- **Problem requirements**
The result should be an exact copy of the entries that follow, with no pictures included.

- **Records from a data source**
..............................

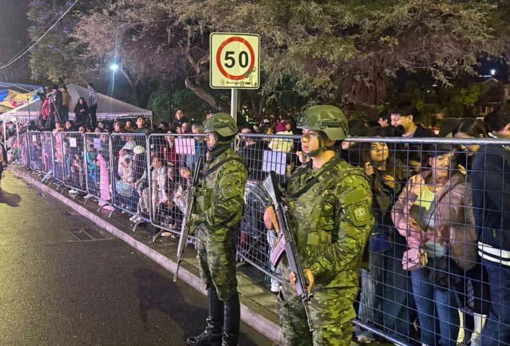 Los soldados del Grupo de Caballería Mecanizada Número 18 ‘Cazadores de Los Ríos’ la tarde del jueves 13 de noviembre de 2025 se desplegaron hacia el circuito cultural del Festival Internacional de las Artes Vivas de Loja (Fiavl).
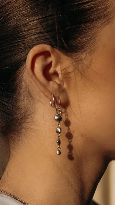 The Lumen Drop Earrings are crafted in solid sterling silver, featuring a series of softly sculpted forms suspended along a fine chain. Designed to catch the light from every angle, each element reflects a subtle, shifting glow as it moves.
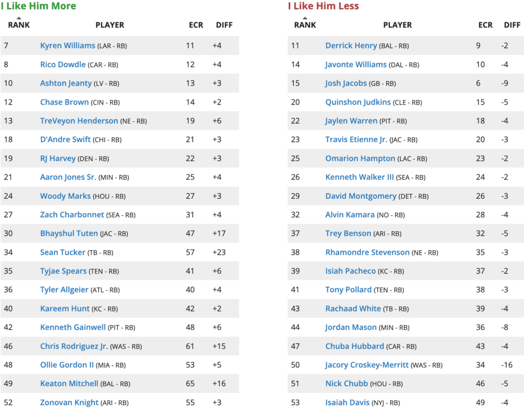 2025 Rest of Season Rankings Fantasy Football – RB Higher and Lower (Week 12 Update)
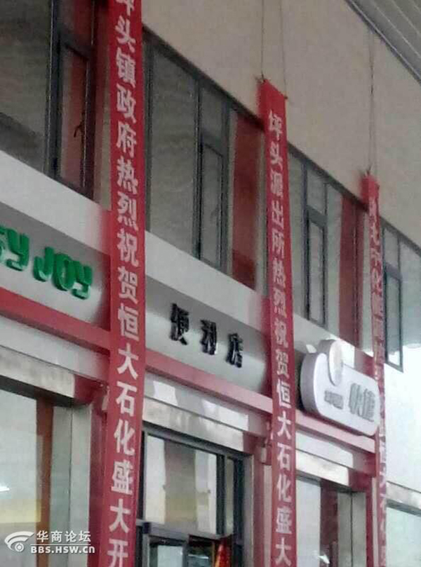 该值班民警还表示,2月7日上午已对“恒大石化”加油站的负责人进行了口头警告,在接受民警教育之后,该名负责人也意识到自己的错误,把所有条幅都撤了下来,“从挂上条幅到撤下,不到两天时间。”
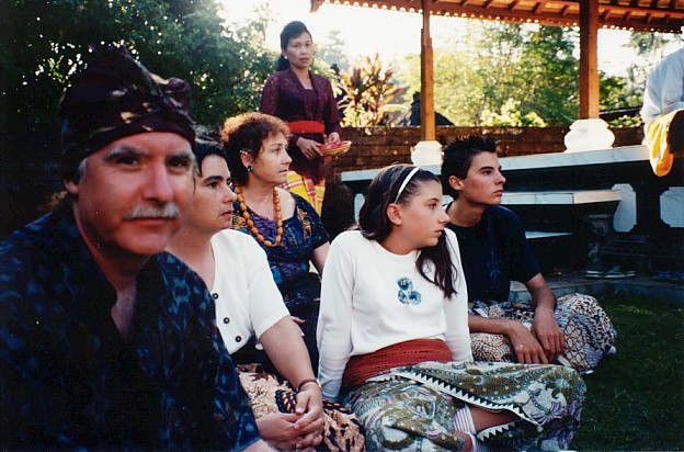 After the VIPs had received their offerings, prayers were said. I've never come across a more open and accepting religion than the Balinese form of Hindu-Buddhism. Although their rituals are mainly a form of Hindu, they see God in many forms - in the natural world around them, in their families and ancestors, in flowers, and incense. Anything to make the world more beautiful is an offering to their gods - it's been said that Bali is a place where every breath is a prayer. The Balinese delight in your own beliefs and will not try to convert you to theirs - on the contrary, your own beliefs are part of the beauty they see in everything, and they will encourage you to pray to whatever god you follow. |
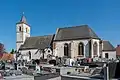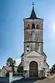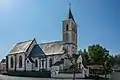 - La partie la plus ancienne, les solins de la nef, est en cailloux. Le chœur est daté du XVIe siècle, tandis que la tour a été édifiée au XVIIe siècle. La craie employée pour la construction provient des carrières de Saint-Rémy-au-Bois. Des damiers de grès et de silex agrémentent la partie basse du chœur. Pendant la Terreur, en 1793, une inscription est gravée sur la fronton du porche construit en 1775 : « LE PEUPLE FRANCAIS RECONNAIT L'ETRE SUPREME ET L'IMMORTALITE ».
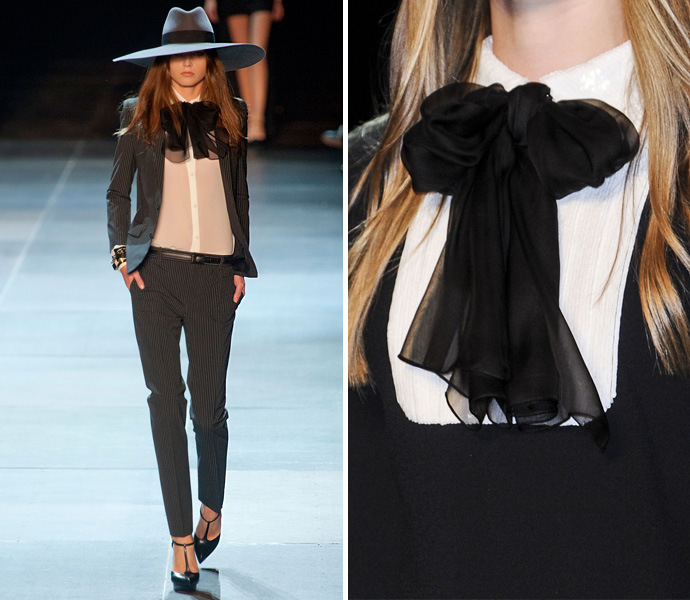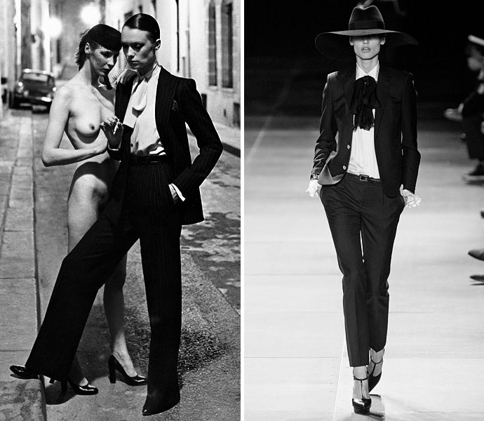 Затем в октябре Слиман показал свою первую коллекцию, составив ее из цитат самых знаменитых образов Ива Сен Лорана, и в очередной раз продемонстрировав свое умение шить узкий костюм. Но и тут у Слимана было обоснование: он говорил, что основополагающий силуэт Yves Saint Laurent для него - это фотография Хельмута Ньютона «Rue Aubriot» 1975-го года. Именно это сочетание - мужской брючный костюм плюс шелковая блуза с бантом - и стало заглавным в первой коллекции Слимана.
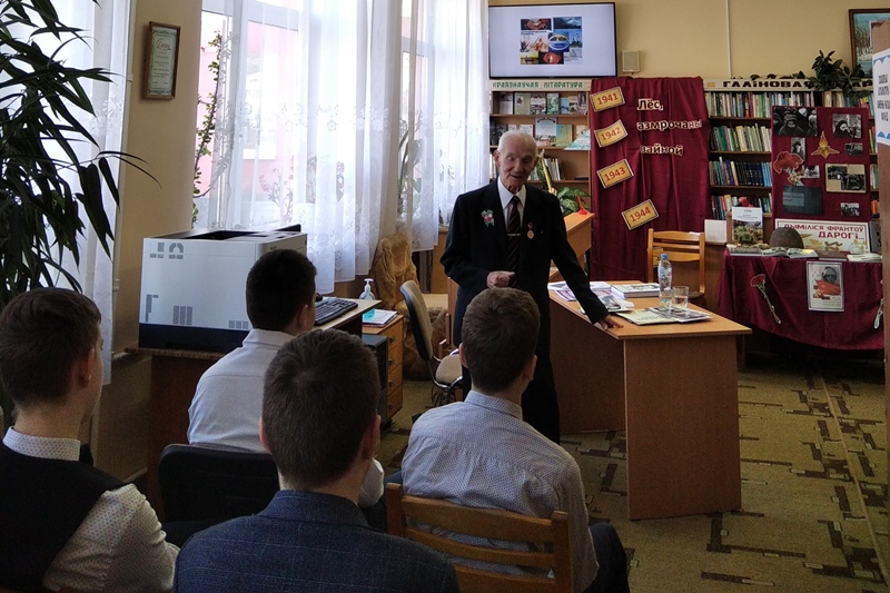 Атрымалася шчырая размова прадстаўніка сталага пакалення з юнымі ашмянцамі. Уладзімір Васільевіч расказаў пра сваё дзяцінства, апаленае вайной, пра выхаванне павагі да гераічнага мінулага нашай краіны на аснове павагі да гісторыі дзяржавы і памяці абаронцаў Радзімы – нашых землякоў. Моладзь доўга не адпускала Уладзіміра Васільевіча, разам яны разглядвалі здымкі, слухалі яго слушныя парады.

..............................

- **Reply**
 Los soldados del Grupo de Caballería Mecanizada Número 18 ‘Cazadores de Los Ríos’ la tarde del jueves 13 de noviembre de 2025 se desplegaron hacia el circuito cultural del Festival Internacional de las Artes Vivas de Loja (Fiavl).
 The Lumen Drop Earrings are crafted in solid sterling silver, featuring a series of softly sculpted forms suspended along a fine chain. Designed to catch the light from every angle, each element reflects a subtle, shifting glow as it moves.
 2025 Rest of Season Rankings Fantasy Football – RB Higher and Lower (Week 12 Update)
 该值班民警还表示,2月7日上午已对“恒大石化”加油站的负责人进行了口头警告,在接受民警教育之后,该名负责人也意识到自己的错误,把所有条幅都撤了下来,“从挂上条幅到撤下,不到两天时间。”
 After the VIPs had received their offerings, prayers were said. I've never come across a more open and accepting religion than the Balinese form of Hindu-Buddhism. Although their rituals are mainly a form of Hindu, they see God in many forms - in the natural world around them, in their families and ancestors, in flowers, and incense. Anything to make the world more beautiful is an offering to their gods - it's been said that Bali is a place where every breath is a prayer. The Balinese delight in your own beliefs and will not try to convert you to theirs - on the contrary, your own beliefs are part of the beauty they see in everything, and they will encourage you to pray to whatever god you follow. |
 - La partie la plus ancienne, les solins de la nef, est en cailloux. Le chœur est daté du XVIe siècle, tandis que la tour a été édifiée au XVIIe siècle. La craie employée pour la construction provient des carrières de Saint-Rémy-au-Bois. Des damiers de grès et de silex agrémentent la partie basse du chœur. Pendant la Terreur, en 1793, une inscription est gravée sur la fronton du porche construit en 1775 : « LE PEUPLE FRANCAIS RECONNAIT L'ETRE SUPREME ET L'IMMORTALITE ».
 Затем в октябре Слиман показал свою первую коллекцию, составив ее из цитат самых знаменитых образов Ива Сен Лорана, и в очередной раз продемонстрировав свое умение шить узкий костюм. Но и тут у Слимана было обоснование: он говорил, что основополагающий силуэт Yves Saint Laurent для него - это фотография Хельмута Ньютона «Rue Aubriot» 1975-го года. Именно это сочетание - мужской брючный костюм плюс шелковая блуза с бантом - и стало заглавным в первой коллекции Слимана.
 Атрымалася шчырая размова прадстаўніка сталага пакалення з юнымі ашмянцамі. Уладзімір Васільевіч расказаў пра сваё дзяцінства, апаленае вайной, пра выхаванне павагі да гераічнага мінулага нашай краіны на аснове павагі да гісторыі дзяржавы і памяці абаронцаў Радзімы – нашых землякоў. Моладзь доўга не адпускала Уладзіміра Васільевіча, разам яны разглядвалі здымкі, слухалі яго слушныя парады.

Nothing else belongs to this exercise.